Researcher gives subjects their voice

by Angela Herring

February 20, 2013

Stephen Hawking and a 9-year-old girl with a speech disorder most likely use the same synthetic voice. It’s called Perfect Paul and it’s easy to understand, especially in acoustically chaotic environments like classrooms full of children. While new, more natural-sounding voices are available, Perfect Paul remains the most oft-used synthetic voice in the community of disordered speakers.

But Perfect Paul conveys none of the personality inherent in vocal identity, explains Rupal Patel, an associate professor of computer science and speech language pathology and audiology.

“What we’re trying to do is improve the quality,” she said, “but also increase the personalization of those voices, by not just making it a little kid’s voice, but making it that little kid’s voice.”

Backed by a grant from the National Science Foundation, Patel and her research team are developing ways to create personalized synthetic voices that resemble users’ vocal identities while remaining as understandable as those of the healthy donors.
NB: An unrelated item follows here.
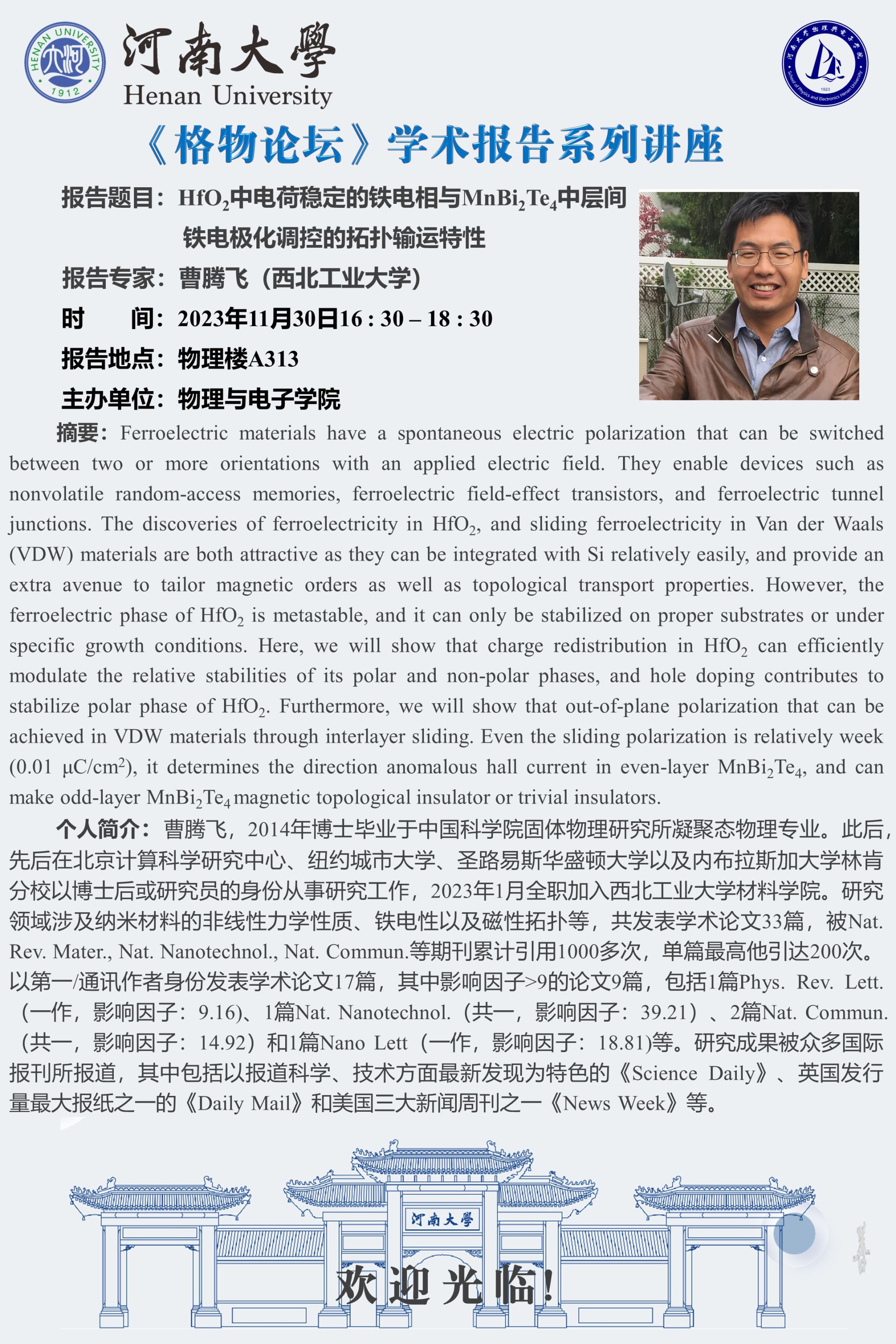 曹腾飞:HfO2中电荷稳定的铁电相与MnBi2Te4中层间铁电极化调控的拓扑输运特性(时间:11月30日)

In the first iteration of the project, which Patel calls VocaliD (pronounced vocality, for Vocal Identity), her team computationally merged the acoustics of a sustained vowel sound from a child with a speech disorder, like this:

with the acoustics of a full sentence spoken by a healthy speaker of the same demographic, like this:

The result is a clear, synthetic voice with the personality of the end user:

These voices have already elicited great responses from parents; one said, “If [my son] had been able to talk, this is what he would sound like.” However, the early version of VocaliD used a difficult-to-scale approach that is not easily reproducible. Patel said, “We’d like to be able to allow users to create new voices as they mature in the same way a natural voice evolves.”

With the support of another grant from the National Science Foundation, her team is currently adding physiological information on top of the acoustics. “When you hear speech, it’s a combination of your source and your filter,” Patel said. The source, she explained, derives from the voice box in the larynx whereas the filter is determined by the shape and length of the vocal tract.

Vocal characteristics—such as pitch, breathiness, and loudness—all emerge from the vocal folds in the larynx and give rise to vocal identity. Modulating those features by changing the shape of our mouths and moving our tongues gives rise to distinct vowel and consonant sounds, which, Patel said, are typically impaired in disordered speech.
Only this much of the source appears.